▶ _What the task requires_
Only the lines from the first line of the entries through the line with "White Finish Metal" belong in the answer, each restated word for word and without pictures.
(Excerpted records)
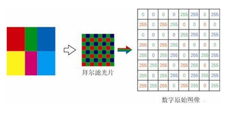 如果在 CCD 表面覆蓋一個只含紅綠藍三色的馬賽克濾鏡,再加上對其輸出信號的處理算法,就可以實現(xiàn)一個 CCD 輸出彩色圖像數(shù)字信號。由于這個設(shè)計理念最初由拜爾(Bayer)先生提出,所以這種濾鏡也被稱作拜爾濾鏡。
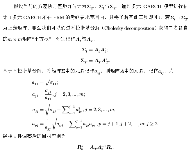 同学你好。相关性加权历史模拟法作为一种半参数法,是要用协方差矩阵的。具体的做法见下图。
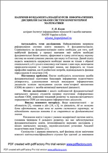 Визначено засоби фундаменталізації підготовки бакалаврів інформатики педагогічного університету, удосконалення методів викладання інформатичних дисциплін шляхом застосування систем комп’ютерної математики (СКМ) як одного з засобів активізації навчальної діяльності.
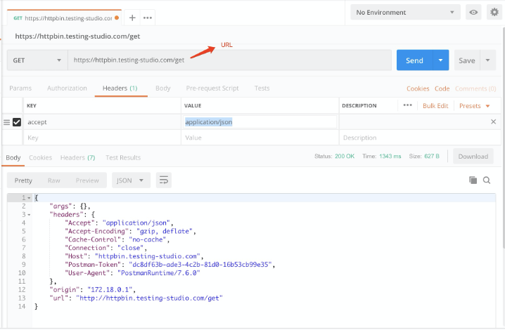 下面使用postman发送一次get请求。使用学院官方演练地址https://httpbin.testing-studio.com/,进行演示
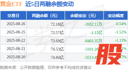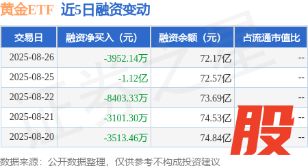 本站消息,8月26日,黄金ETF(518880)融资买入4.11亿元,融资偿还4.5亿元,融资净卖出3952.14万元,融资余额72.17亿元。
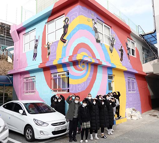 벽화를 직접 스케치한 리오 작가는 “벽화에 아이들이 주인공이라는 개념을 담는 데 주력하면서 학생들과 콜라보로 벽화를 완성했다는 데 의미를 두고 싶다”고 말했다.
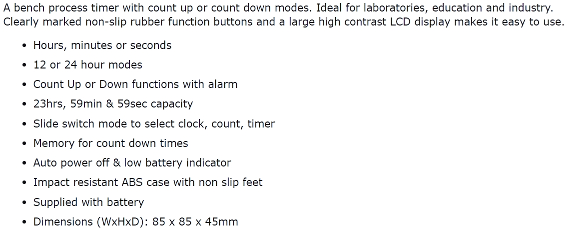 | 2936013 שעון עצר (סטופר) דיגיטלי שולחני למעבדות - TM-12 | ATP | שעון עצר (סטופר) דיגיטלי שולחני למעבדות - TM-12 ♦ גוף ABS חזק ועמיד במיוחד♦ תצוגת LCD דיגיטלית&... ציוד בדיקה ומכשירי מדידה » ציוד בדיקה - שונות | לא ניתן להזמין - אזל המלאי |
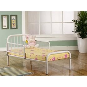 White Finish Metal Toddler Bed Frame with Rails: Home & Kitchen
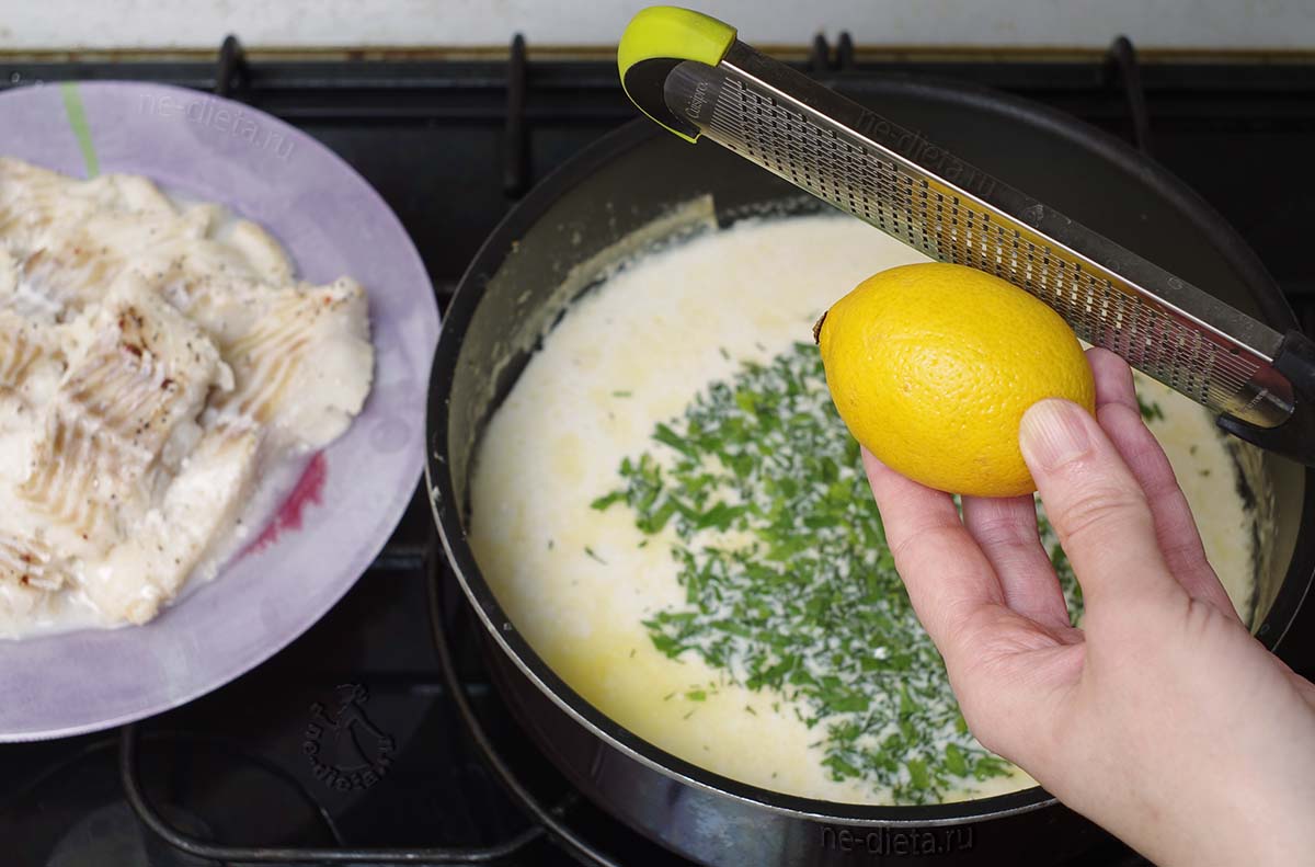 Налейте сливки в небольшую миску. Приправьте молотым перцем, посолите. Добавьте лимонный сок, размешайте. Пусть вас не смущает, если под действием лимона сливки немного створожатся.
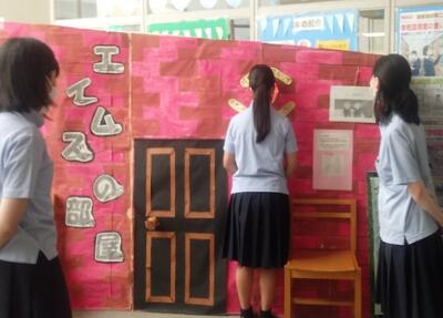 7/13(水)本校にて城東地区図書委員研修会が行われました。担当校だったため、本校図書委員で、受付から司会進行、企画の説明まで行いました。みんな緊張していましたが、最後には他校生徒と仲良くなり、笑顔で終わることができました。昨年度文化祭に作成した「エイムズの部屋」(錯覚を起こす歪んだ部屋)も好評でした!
(End Excerpted records)
▶ _Your solution_
 如果在 CCD 表面覆蓋一個只含紅綠藍三色的馬賽克濾鏡,再加上對其輸出信號的處理算法,就可以實現(xiàn)一個 CCD 輸出彩色圖像數(shù)字信號。由于這個設(shè)計理念最初由拜爾(Bayer)先生提出,所以這種濾鏡也被稱作拜爾濾鏡。
 同学你好。相关性加权历史模拟法作为一种半参数法,是要用协方差矩阵的。具体的做法见下图。
 Визначено засоби фундаменталізації підготовки бакалаврів інформатики педагогічного університету, удосконалення методів викладання інформатичних дисциплін шляхом застосування систем комп’ютерної математики (СКМ) як одного з засобів активізації навчальної діяльності.
 下面使用postman发送一次get请求。使用学院官方演练地址https://httpbin.testing-studio.com/,进行演示
 本站消息,8月26日,黄金ETF(518880)融资买入4.11亿元,融资偿还4.5亿元,融资净卖出3952.14万元,融资余额72.17亿元。
 벽화를 직접 스케치한 리오 작가는 “벽화에 아이들이 주인공이라는 개념을 담는 데 주력하면서 학생들과 콜라보로 벽화를 완성했다는 데 의미를 두고 싶다”고 말했다.
 | 2936013 שעון עצר (סטופר) דיגיטלי שולחני למעבדות - TM-12 | ATP | שעון עצר (סטופר) דיגיטלי שולחני למעבדות - TM-12 ♦ גוף ABS חזק ועמיד במיוחד♦ תצוגת LCD דיגיטלית&... ציוד בדיקה ומכשירי מדידה » ציוד בדיקה - שונות | לא ניתן להזמין - אזל המלאי |
 White Finish Metal Toddler Bed Frame with Rails: Home & Kitchen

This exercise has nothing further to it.